At the forefront of the elite athlete treatment for teachers should be mental performance training, sport psychology. Sport psychology, a rapidly expanding field, is really performance psychology. It's a field focused on helping performers to better understand who they are are, what they do, and how they can do it better. Over the last several years, I've dived into the field of sport and performance psychology. I have read, talked with others within the field, and gotten a masters degree related to the topic. In addition, I have had the great privilege of a wide variety of experiences working with performers at a variety of skill level. Over the last year and a half I have served (unofficially and now officially) as our school's Mental Performance Coach. The role has me working with many of our athletic teams, performing groups, and some academic classes. It also has me constantly searching for ways to do more and do better. With that, I thought of teachers. Teachers are asked to perform day in and day out. In reflecting more about it, the school year's athletic comparison is the long season of professional baseball where the daily monotony is referred to as "the grind." For students and teachers (because we're important too) to have the best experience possible, we need teachers to be on top of their game on a consistent basis. Mental performance training can help by helping them to realize who they are and how they are at their best.
The best performers in the world are excellent at having a present day, present moment focus. Teachers are terrible at this. Instead of focusing on this class period, we're guilty of constantly looking forward. "Only 17 days until Winter Break," "I don't know how I'm going to have those kids ready for AP testing in 4 months," "We've got to get these 9th graders ready for college!" I wish I were joking about the last one. Unfortunately, I am not. The result of all this obsession with the future? Undue stress. Lack of enjoyment and appreciation for now. Inconsistent attitudes and approaches to days. Missing out on some really cool moments because we've already mailed it in as "one of those days." Now multiply that sort of mindset by 4, 5, 20 years, and it's no wonder why people don't want to teach anymore. We are setting ourselves up to be miserable.
Great performers don't allow something to completely ruin their ability to keep perspective. Again, this is a big challenge for teachers. "Let me tell you about this email I got from a parent," turns into "Parents just don't respect us at all." "Can you believe what this student said when I asked him to put his head phones up?" turns into "Kids today, they just have no respect for authority." We quickly forget the 201 other parents who didn't send a nasty email. What about the 1900 other students whose behavior was without issue? We lose perspective, and we let ultimately little things bother us more than they should.

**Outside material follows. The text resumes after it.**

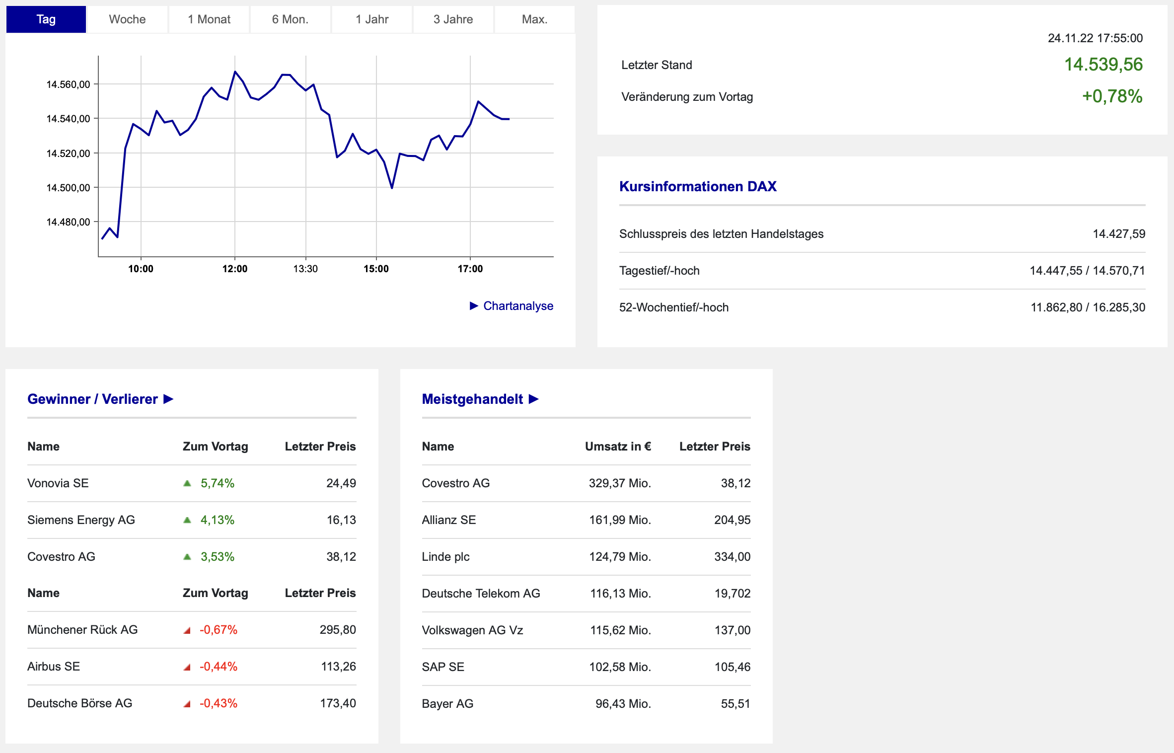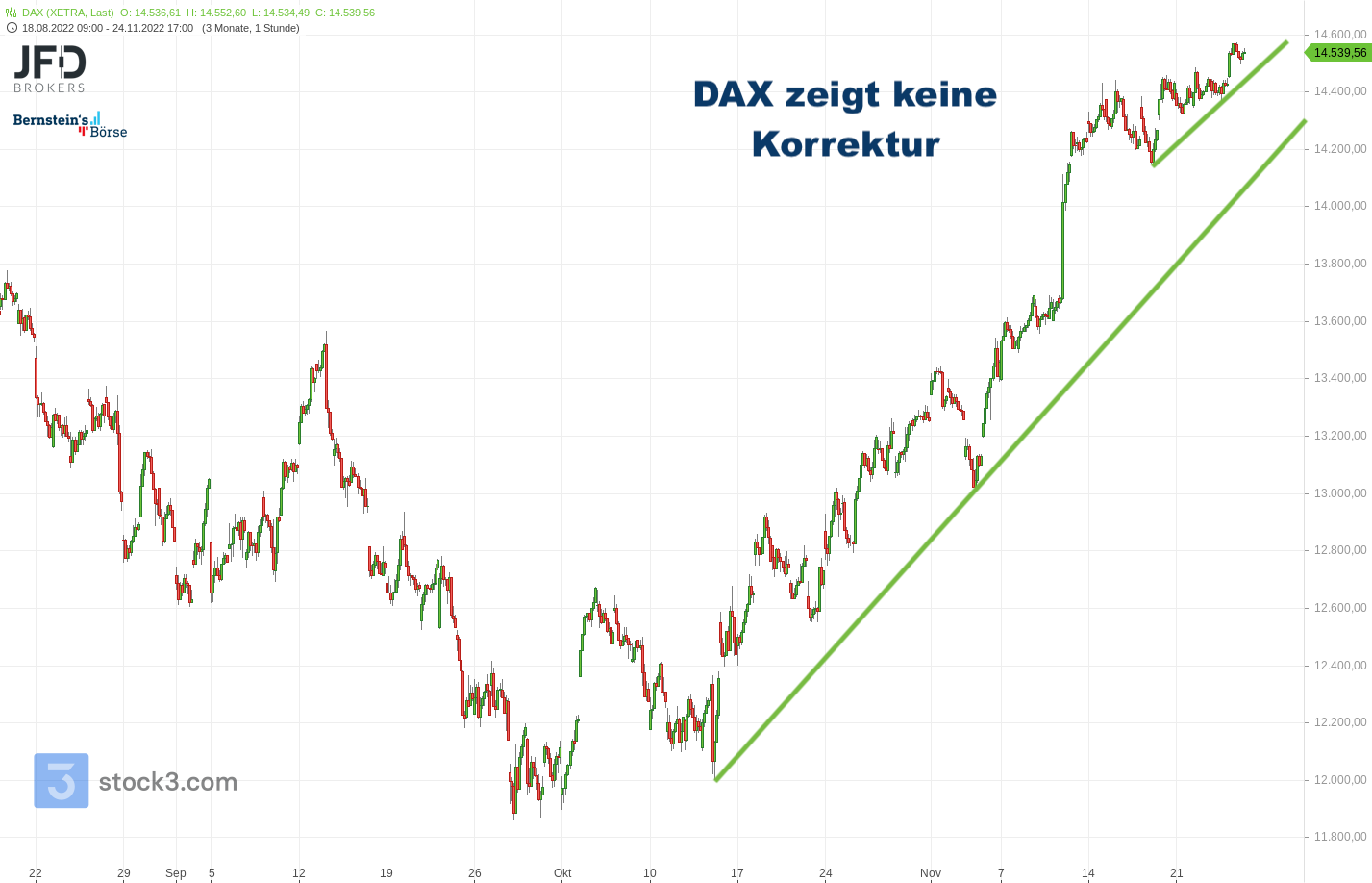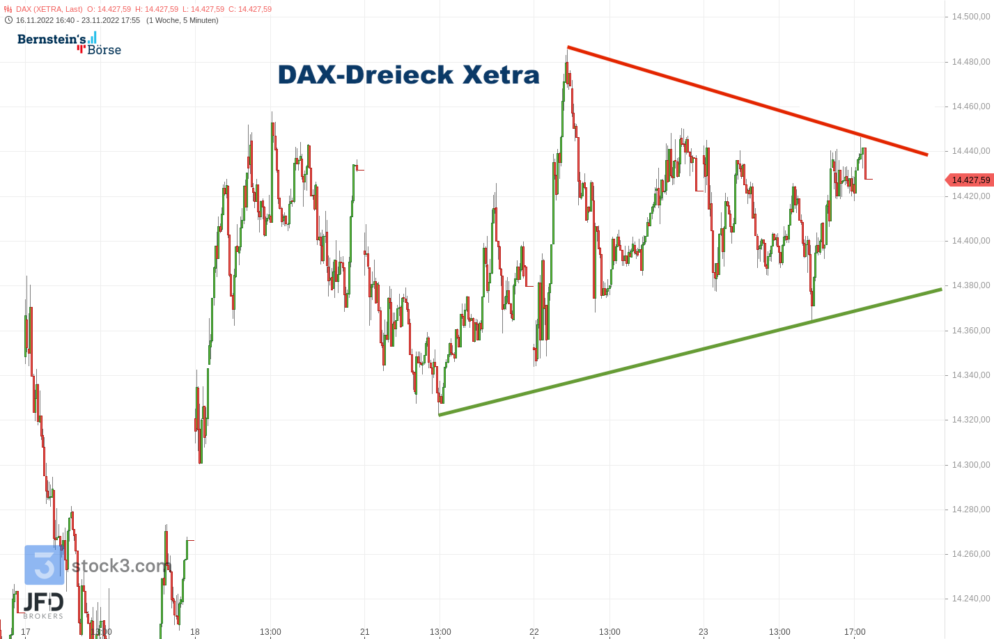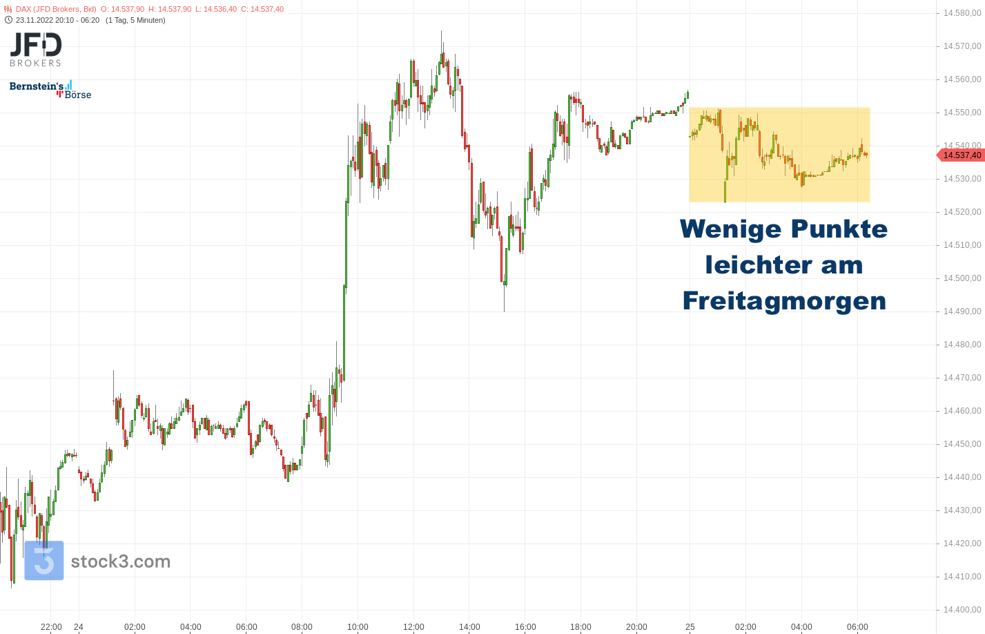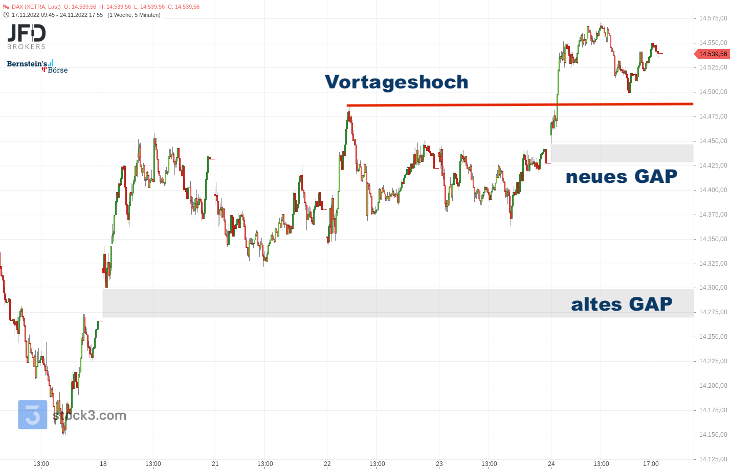 Der US-Feiertag hat im DAX keine Spuren von Langeweile hinterlassen. Wir sprachen am Vortag in der vorbereitenden Donnerstagsanalyse am 24.11.2022 über die beiden Möglichkeiten, entweder kaum Vola oder ein Ausbruch, der beibehalten wird.

Those are just a couple of ways performance psychology has relevance in the world of teachers. Mental performance training is becoming more and more a part of the world, and for good reason. Professional, Olympic, and college teams are all using it. Take a look at the current champion in whatever sport you like, and there's a very high percentage liklihood they are using mental training. Big corporations are as well. Education needs to be next. Helping teachers to better understand themselves and their performance, in my opinion, would help tremendously with the quality of instruction. In addition, it would allow teachers to better enjoy the experience along the way. It would help them to help themselves. Maybe that would lead to more of us sticking around like we all hope.